# 1. Bagging

In [562]:
from sklearn.tree import DecisionTreeClassifier
from sklearn.metrics import accuracy_score, r2_score, mean_squared_error
from sklearn.model_selection import train_test_split
from sklearn.preprocessing import OneHotEncoder, OrdinalEncoder
from scipy import stats

import pandas as pd
import numpy as np

class BaggingDecisionTree:
    def __init__(self, n_estimators=10, max_depth=3):
        self.n_estimators = n_estimators
        self.max_depth = max_depth
        self.estimators = []
        for i in range(n_estimators):
            learner = DecisionTreeClassifier(max_depth=self.max_depth, random_state=42)
            self.estimators.append(learner)

    def train(self, X_train, y_train):
        for learner in self.estimators:
            if self.n_estimators > 1:
                inds = np.random.randint(0,len(X_train), size=300+int(len(X_train)/self.n_estimators))
                X_train_sub = X_train[inds,:]
                y_train_sub = y_train[inds]
                #print(f'ind_1={inds[0]}')
                learner.fit(X_train_sub, y_train_sub)
            else:
                #print('Fitting single learning to entire training data')
                learner.fit(X_train, y_train)

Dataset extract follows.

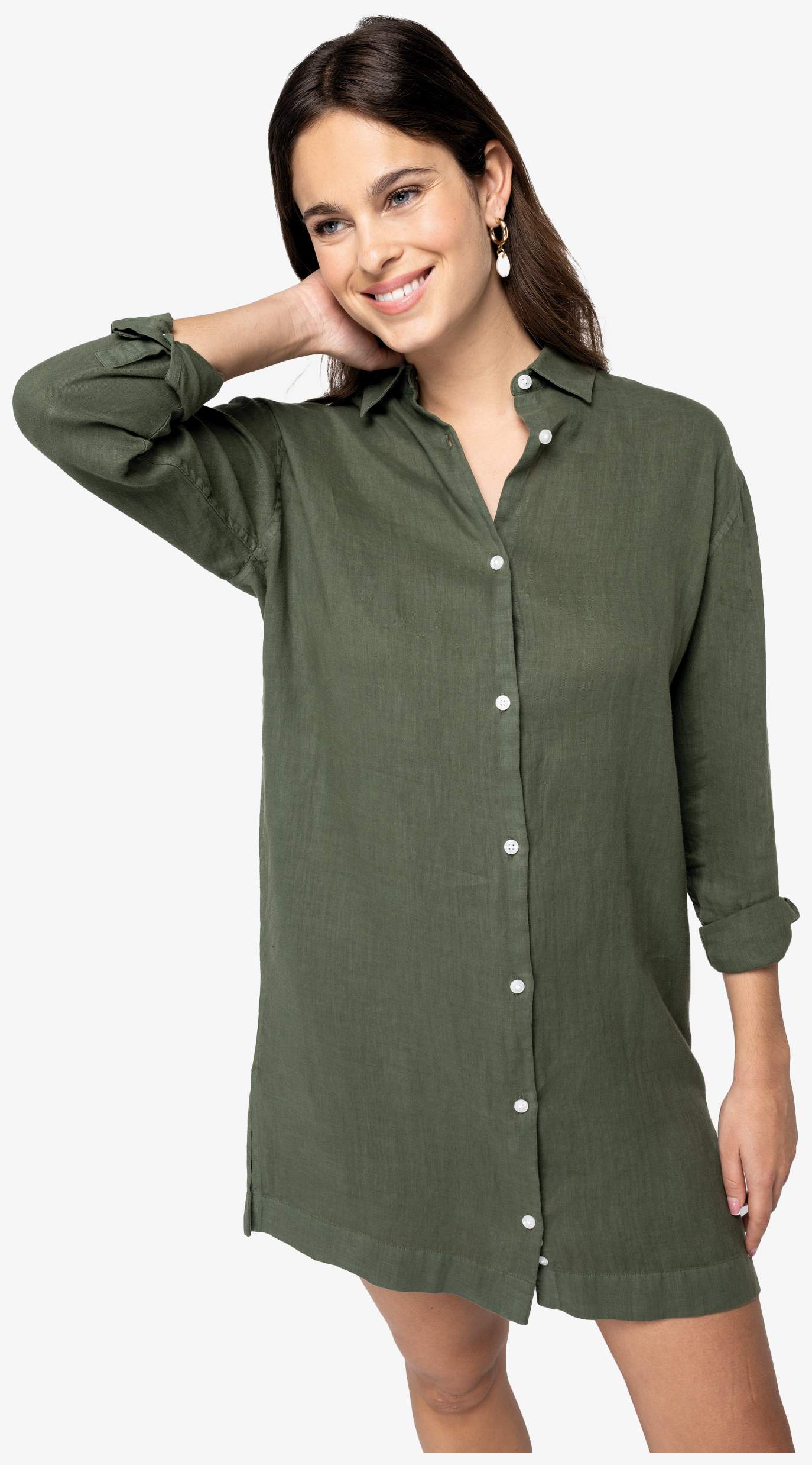 De linnen overhemdjurk sp5008 is ontworpen met een comfortabele pasvorm en doorlopende schouders en een boordkraag. Het heeft een knoopsluiting met glanzende knopen van gerecycled wit plastic. De ruginzet is dubbel gevoerd met plooien voor bewegingsvrijheid. De mouwuiteinden zijn voorzien van manchetten en een kapucijnsplit met knopen. Zijsplitten vergemakkelijken de beweging. De zoom is enkele gestikt.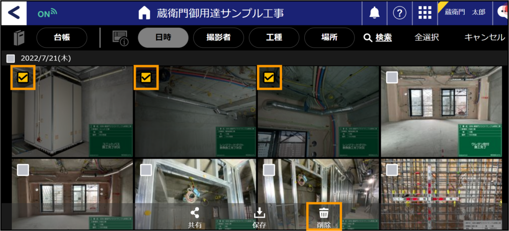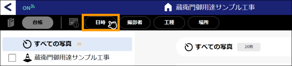 復元後、工事一覧の「写真」から「クラウド台帳」を開くと写真が「すべての写真(写真一覧)」に再度表示されます。

    def predict(self, X_test):
        results = []
        for i,learner in enumerate(self.estimators):
            res = learner.predict(X_test)
            results.append(res)
        
        results = np.array(results)
        results_df = pd.DataFrame(results.T)
        results_df.to_csv('weak_learner_results.csv', index=False)
        return np.round(np.mean(results,axis=0))


In [563]:
# Load dataset
cars = pd.read_csv("car_evaluation.csv")
#print(cars.describe())

# Work on non-numeric data points
cars['number of doors'] = cars['number of doors'].replace('5more', '5')
cars['number of doors'] = cars['number of doors'].astype('float')
cars['number of persons'] = cars['number of persons'].replace('more', '5')
cars['number of persons'] = cars['number of persons'].astype('float')
#print(f'cars.shape={cars.shape}')
#print(cars['buying price'].unique())
#print(cars['maintenance cost'].unique())
#print(cars['lug_boot'].unique())
#print(cars['safety'].unique())
#print(cars['decision'].unique())
#print(cars.head())

# use encoding on categorical features
enc1 = OrdinalEncoder(categories=[['vhigh', 'high', 'med', 'low']])
enc2 = OrdinalEncoder(categories=[['big', 'med', 'small']])
enc3 = OrdinalEncoder(categories=[['vgood', 'good', 'acc', 'unacc']])
cars['bp_enc'] = enc1.fit_transform(cars[['buying price']])
cars['mc_enc'] = enc1.fit_transform(cars[['maintenance cost']])
cars['lb_enc'] = enc2.fit_transform(cars[['lug_boot']])
cars['sf_enc'] = enc1.fit_transform(cars[['safety']])
cars['dec_enc'] = enc3.fit_transform(cars[['decision']])
cars = cars.drop(['buying price', 'maintenance cost', 'lug_boot', 'safety', 'decision'], axis=1)
cars = cars.reset_index(drop=True)
#print(cars.head())
#print(cars.describe())
cars = cars.to_numpy()


In [564]:
## Train and test the decision trees

#print(cars.describe())
np.random.seed = 42
X = cars[:,:6]
#print(f'{X.shape}, {np.unique(X[:,0])}, {np.unique(X[:,1])}, {np.unique(X[:,2])}, {np.unique(X[:,3])}, {np.unique(X[:,4])}, {np.unique(X[:,5])}')
y = cars[:,6]
#print(f'{y.shape}, {np.unique(y)}')
X_train, X_test, y_train, y_test = train_test_split(X, y, test_size=0.2, train_size=0.8, stratify=y, random_state=42)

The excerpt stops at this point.